**** Data in this exercise

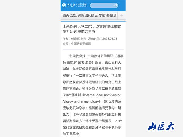 中国教育报-中国教育新闻网讯(通讯员 任晓辉 记者 赵岩)近日,国产亚洲精品美女久久久_99久无码中文字幕一本久道_亚洲成AV人影院_亚洲AV影院一区二区三区 狠狠躁夜夜躁人人爽天天不卡_国产激情久久久久影院老熟女_精品性高朝久久久久久久第二临床医学院耳鼻咽喉头颈外科教研室举行了一次由首席学科带头人、博士生导师赵长青教授课题组组织的研究生线上集体审稿会。稿件为赵长青教授课题组应SCI收录期刊《International Archives of Allergy and Immunology》(国际变态反应与免疫学杂志)编辑部邀请受审的一篇论文。《中华耳鼻咽喉头颈外科杂志》编辑部副编审方祎博士受邀全程指导,20余名科室在读研究生和部分科室骨干教师参加了审稿会。
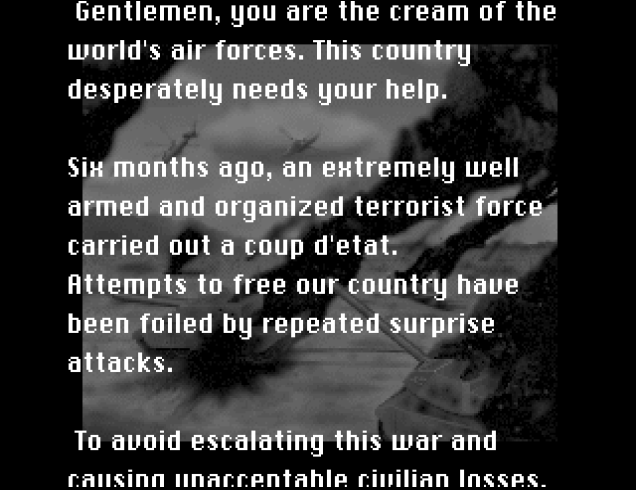 The game has more in common with Ace Combat 2 than 3, which in releases outside of Japan accidentally binned off the Top Gun-esque narrative elements which the series was all about. That’s not to say the yarn the original does weave makes any sense. A ‘terrorist group’…with an air force? At least some effort is made to paint the motives of the pilots within the jets you’re blowing up as ill-intentioned and dangerous, as opposed to Ace Combat 2 which disconcertingly has them described as no more than ‘the enemy’ as you carpet bomb civilian areas.
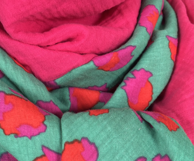 Un foulard lumineux qui associe une double gaze de coton fuchsia intense à un motif léopard pep’s vert, fuchsia et orange.
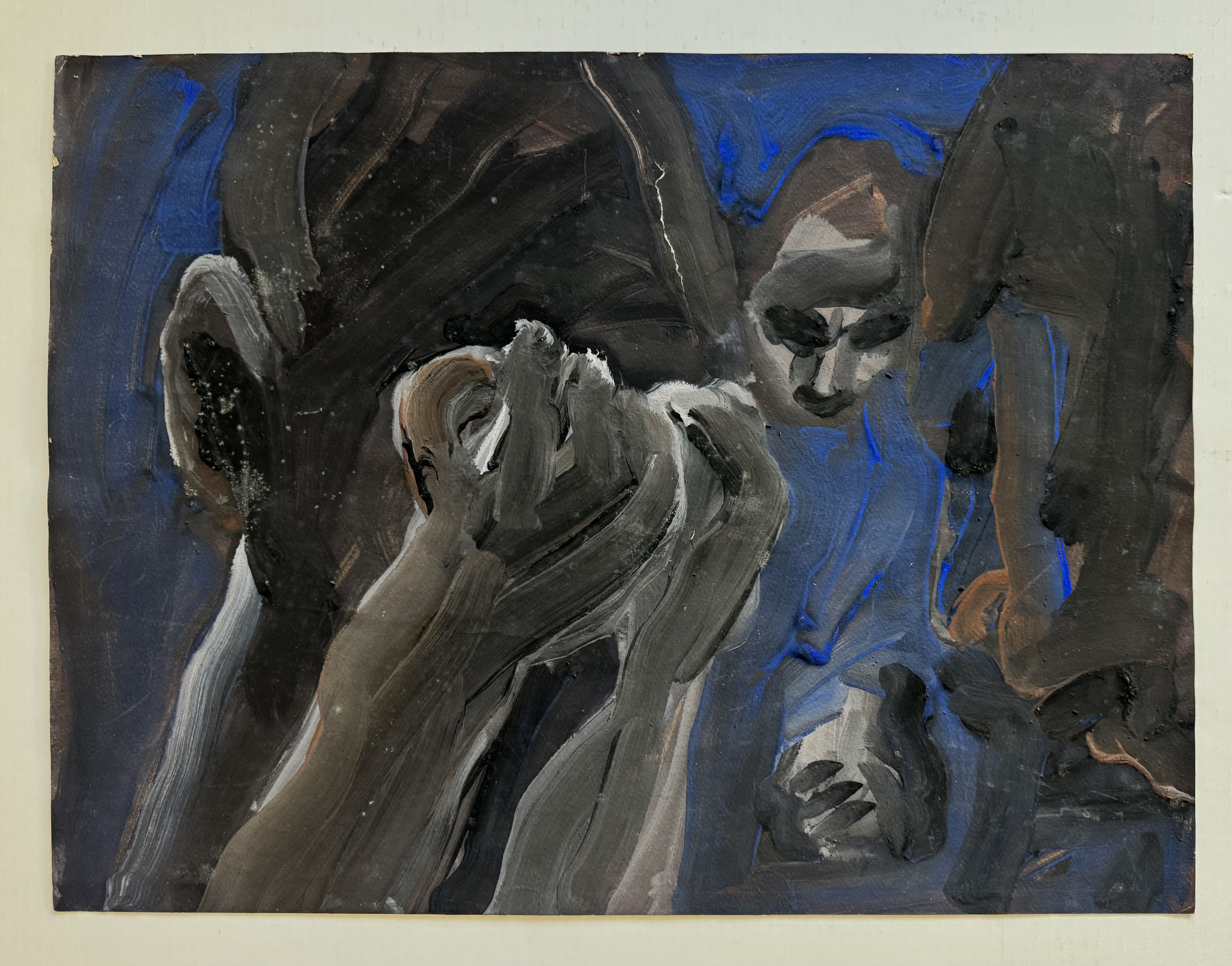 Two early watercolor or gouache paintings made by Hanson, including one dated 1953 when he was 15 years old (possibly depicting jazz trumpeter Louis Armstrong & his band and the second portraying Henri de Toulouse-Lautrec at the Moulin Rouge cabaret). Collection of Shirley Austin, Glen Ellen, CA.
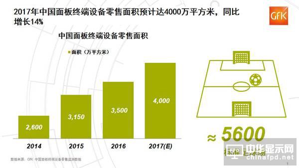 GfK數據顯示,2016年中國面板終端設備零售面積達3500萬平方米,隨著上游產能的逐步增加以及零售市場平均尺寸的不斷提升,預計2017年零售面積有望突破4000萬平方米,同比增長14%,相當于5600個標準足球場大小。

********

◆ The problem ◆
Take the line that holds "Un foulard lumineux" as the start and the last line of the data as the end. Copy only those lines exactly, both ends included, except the pictures.

◆ Solution for this task ◆
 Un foulard lumineux qui associe une double gaze de coton fuchsia intense à un motif léopard pep’s vert, fuchsia et orange.
 Two early watercolor or gouache paintings made by Hanson, including one dated 1953 when he was 15 years old (possibly depicting jazz trumpeter Louis Armstrong & his band and the second portraying Henri de Toulouse-Lautrec at the Moulin Rouge cabaret). Collection of Shirley Austin, Glen Ellen, CA.
 GfK數據顯示,2016年中國面板終端設備零售面積達3500萬平方米,隨著上游產能的逐步增加以及零售市場平均尺寸的不斷提升,預計2017年零售面積有望突破4000萬平方米,同比增長14%,相當于5600個標準足球場大小。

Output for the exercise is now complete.